The pouring temperature of nonferrous metal magnesium aluminum alloy castings is about 750 ℃, the most common molding material for casting is a coated sand hot core, but for thick and large aluminum castings (such as motor shells, cylinder covers, supports and axle housings), the size of the sand core is large, the inner coated sand is still scattered sand, the inner coated sand is not completely solidified, the scattered sand is heated and solidified after casting, the scattered sand strength inside the sand core is high, the sand core cannot be dispersed, and sand inclusion defects of the castings are caused.

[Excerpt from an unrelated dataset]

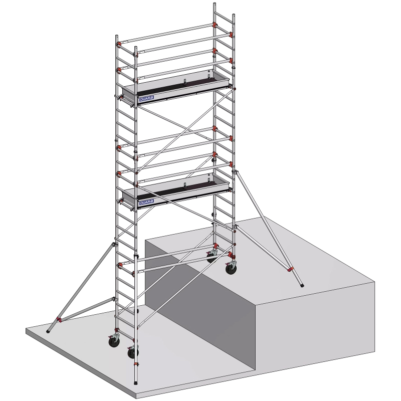 Cet échafaudage est idéal pour les professionnels recherchant un équipement robuste, sécurisé et facile à manipuler, adapté aux différents environnements de chantier, notamment en intérieur et sur sols présentant des dénivelés modérés.

For example, the invention patent application with publication number of CN 113263133A discloses a collapsible precoated sand, which is characterized by comprising the following raw materials in percentage by mass: 1000 parts of raw sand, 10-16 parts of low-melting-point high-polymerization-speed resin, 1.5-2.5 parts of urotropine aqueous solution, 0.7-1.1 parts of calcium stearate and 1-3 parts of a dispersing agent, wherein the dispersing agent comprises potassium chlorate and manganese dioxide.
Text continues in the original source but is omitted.